=== Prompt ===
Transcribe every entry below word for word, but skip the pictures.

• • • • •

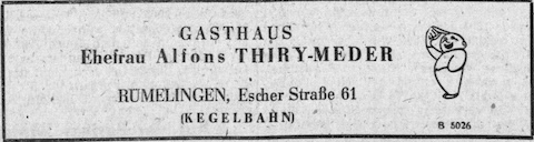 Am Donnerstag den 12. Februar 1953, um 15 Uhr, läßt Herr Wilh. Thinnes-Kieffer, Landwirt zu Eppeldorf, öffentlich für erblich versteigern: Ein leerstehendes doppeltes Wohn- und Geschäftshaus mit Kegelbahn, Platz und Garten, gelegen zu Rümelingen, Escherstraße Nr. 61, eingetr. im Kataster unter Nr. 1132/4, mit einer Gesamtfläche von ca, 6 Ar 31, sowie 1/3 an einem unter Nr. 1132/31 eingetr. Weg von ca 91 Ca. Dasselbe enthält im Erdgeschoß geräumiges Geschäftslokal, Küche und 2 Zimmer. Auf dem 1. Stock 4 Zimmer. Ferner 3 Mansarden, Speicher, Waschküche und 2 abgetrennte Keller. Gas, Wasser, Elektrizität, Kanalanschluß. In deisem Hause wurde seit langen Jahren Wirtschaft betrieben. Die Wanderkonzession und das Wirtschaftsmobiliar begr. 8 Tische, 20 Stühle, 1 Comptoir mit chromierter Tischplatte, sämtliche Gläser, 2 Bänke, 2 Bilder, 2 Oefen werden seitens der Brauerei jedem Liebhaber zediert. Wirklicher Genußantritt sofort. Zur Besichtigung sich wenden im Hause selbst: jeden Donnerstag und Sonntag nachmittags inkl. den 12. Febr. Gute Kapitalanlage, denn das Ganze läßt sich leicht für 2 Familienwohnungen von 6 oder 7 Zimmer einrichten. Esch-Alzette, den 24. Januar 1953. René Wagner, Notar. |
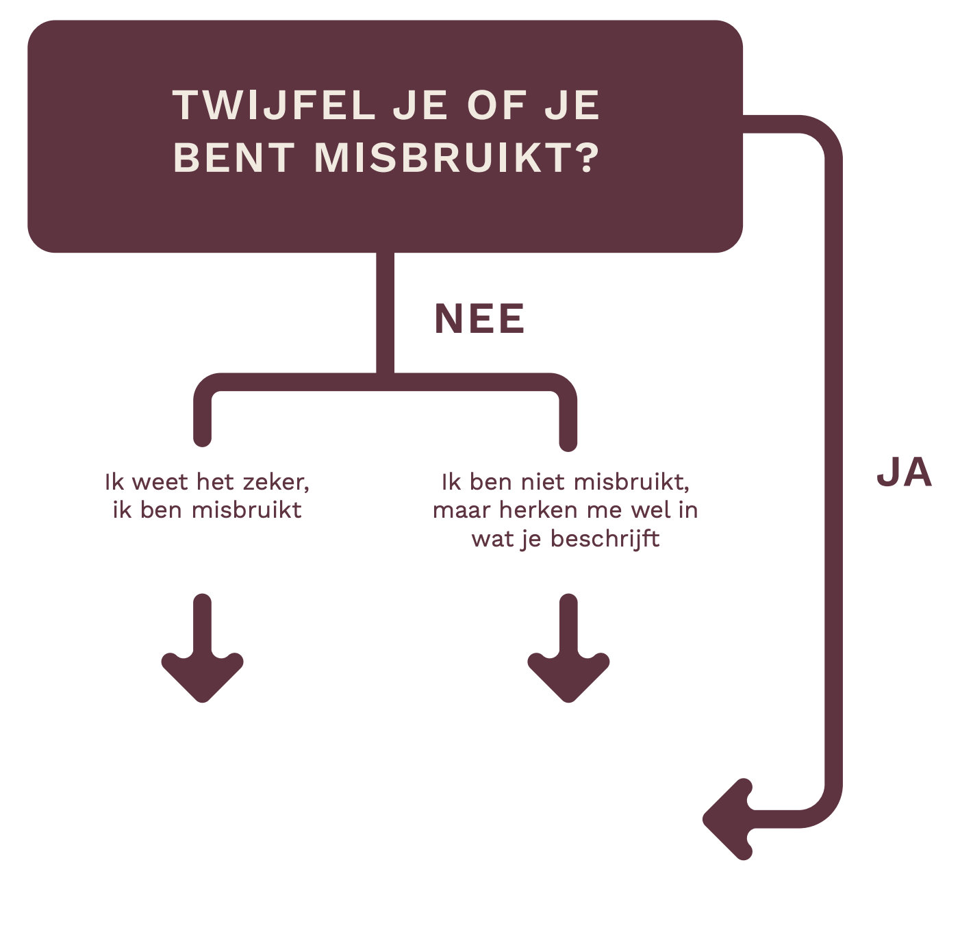 Ook als je twijfelt of je wel seksueel misbruikt bent. Ook als jouw schaamte of schuldgevoel groter is dan jijzelf. Ook als het misbruik ertoe heeft geleid dat je zelf grensoverschrijdend gedrag bent gaan vertonen.
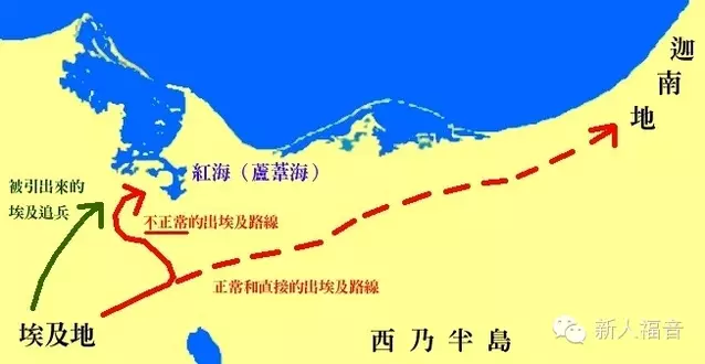 以色列人出埃及时,摩西并没有带领他们走近路,因为神说,“恐怕百姓遇见打仗后悔,就回埃及去。”(出十三17。)于是神领百姓绕道而行,走红海旷野的路。在民数记也记载,当时有以色列人说,“我们不如立一个首领,回埃及去罢。”(十四4。)所以,以色列人不仅要出埃及,更要过红海,因为神知道,倘若以色列人仅仅出埃及而不过红海,他们的得救就不稳定,他们还可能回到埃及;要从埃及得着彻底且完全的拯救,以色列人必须越过红海这道分别的界线。
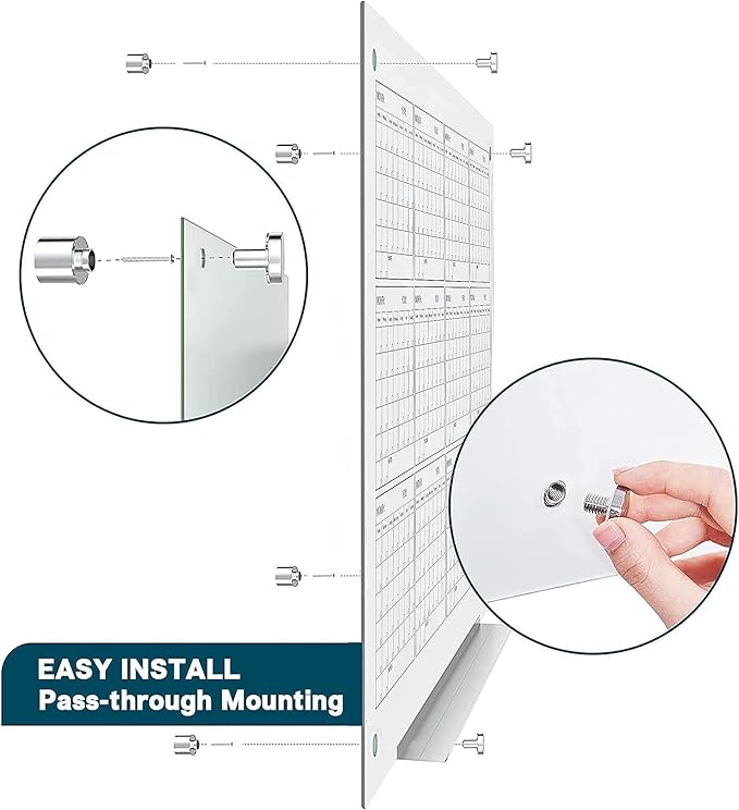 - 【Giant Glass Planner】Easily and clearly to show your style. It makes it easy for your team, class and family to stay organized and to set goals. With the hidden mounting hardware, it creates a floating appearance, making the board surface more fully used and a focal point of your space
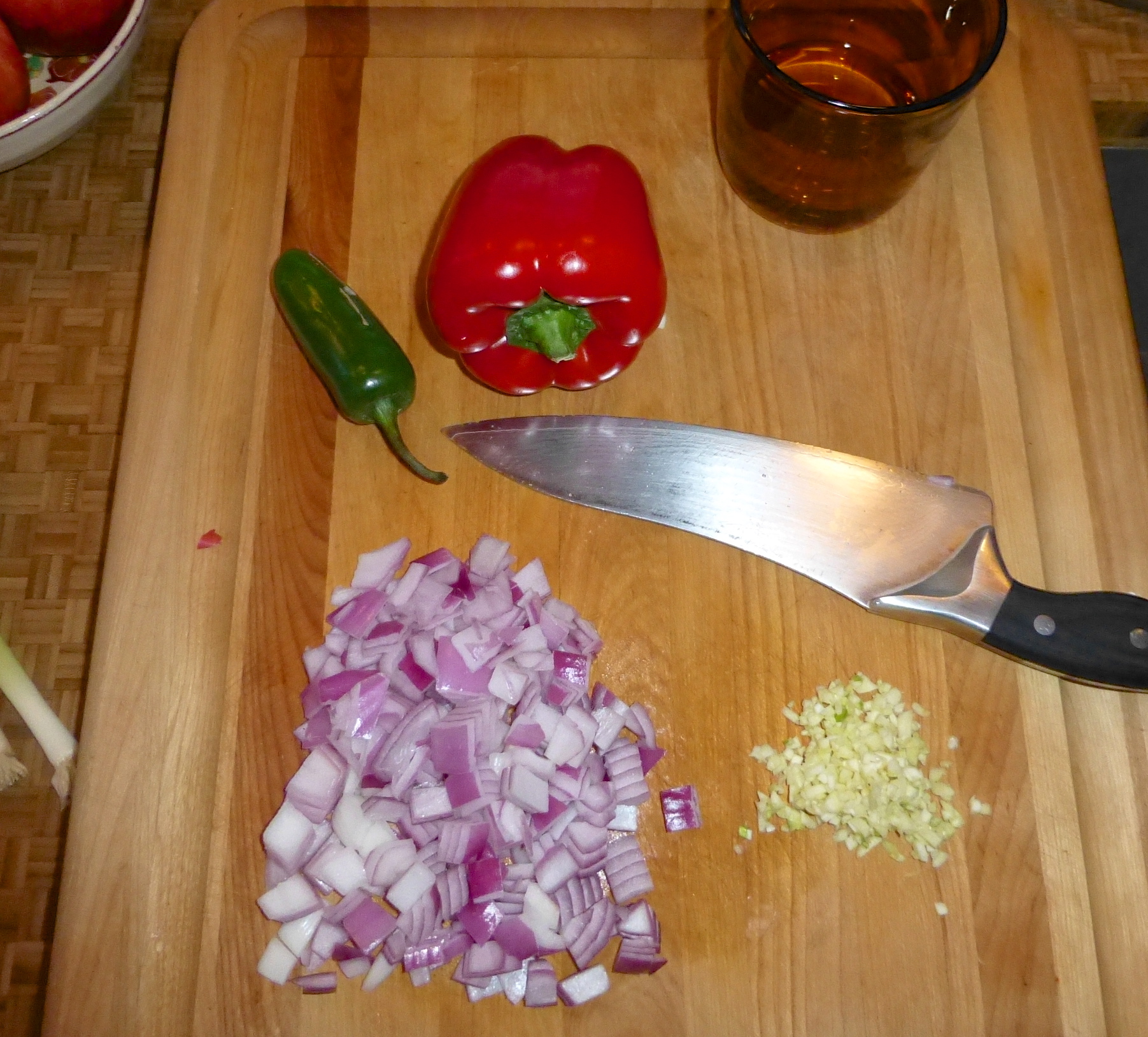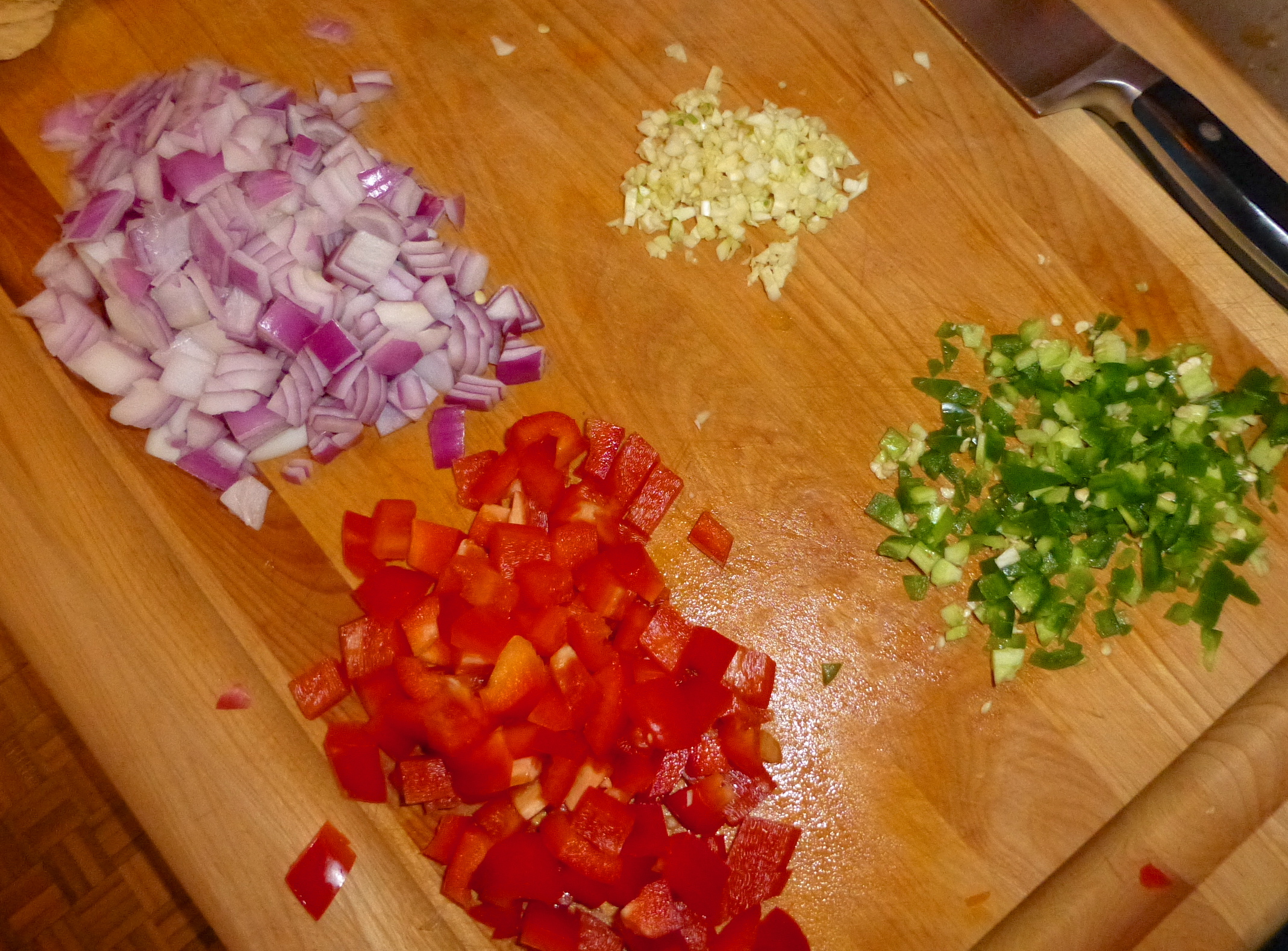 I start by chopping up the basics of any good soup: onion and garlic. A key for this soup is also a full jalapeno, seeds and all, for extra HEAT. For texture, I included a crunchy, vibrant red pepper. Not a bad start!

• • • • •

=== Your response ===
 Am Donnerstag den 12. Februar 1953, um 15 Uhr, läßt Herr Wilh. Thinnes-Kieffer, Landwirt zu Eppeldorf, öffentlich für erblich versteigern: Ein leerstehendes doppeltes Wohn- und Geschäftshaus mit Kegelbahn, Platz und Garten, gelegen zu Rümelingen, Escherstraße Nr. 61, eingetr. im Kataster unter Nr. 1132/4, mit einer Gesamtfläche von ca, 6 Ar 31, sowie 1/3 an einem unter Nr. 1132/31 eingetr. Weg von ca 91 Ca. Dasselbe enthält im Erdgeschoß geräumiges Geschäftslokal, Küche und 2 Zimmer. Auf dem 1. Stock 4 Zimmer. Ferner 3 Mansarden, Speicher, Waschküche und 2 abgetrennte Keller. Gas, Wasser, Elektrizität, Kanalanschluß. In deisem Hause wurde seit langen Jahren Wirtschaft betrieben. Die Wanderkonzession und das Wirtschaftsmobiliar begr. 8 Tische, 20 Stühle, 1 Comptoir mit chromierter Tischplatte, sämtliche Gläser, 2 Bänke, 2 Bilder, 2 Oefen werden seitens der Brauerei jedem Liebhaber zediert. Wirklicher Genußantritt sofort. Zur Besichtigung sich wenden im Hause selbst: jeden Donnerstag und Sonntag nachmittags inkl. den 12. Febr. Gute Kapitalanlage, denn das Ganze läßt sich leicht für 2 Familienwohnungen von 6 oder 7 Zimmer einrichten. Esch-Alzette, den 24. Januar 1953. René Wagner, Notar. |
 Ook als je twijfelt of je wel seksueel misbruikt bent. Ook als jouw schaamte of schuldgevoel groter is dan jijzelf. Ook als het misbruik ertoe heeft geleid dat je zelf grensoverschrijdend gedrag bent gaan vertonen.
 以色列人出埃及时,摩西并没有带领他们走近路,因为神说,“恐怕百姓遇见打仗后悔,就回埃及去。”(出十三17。)于是神领百姓绕道而行,走红海旷野的路。在民数记也记载,当时有以色列人说,“我们不如立一个首领,回埃及去罢。”(十四4。)所以,以色列人不仅要出埃及,更要过红海,因为神知道,倘若以色列人仅仅出埃及而不过红海,他们的得救就不稳定,他们还可能回到埃及;要从埃及得着彻底且完全的拯救,以色列人必须越过红海这道分别的界线。
 - 【Giant Glass Planner】Easily and clearly to show your style. It makes it easy for your team, class and family to stay organized and to set goals. With the hidden mounting hardware, it creates a floating appearance, making the board surface more fully used and a focal point of your space
 I start by chopping up the basics of any good soup: onion and garlic. A key for this soup is also a full jalapeno, seeds and all, for extra HEAT. For texture, I included a crunchy, vibrant red pepper. Not a bad start!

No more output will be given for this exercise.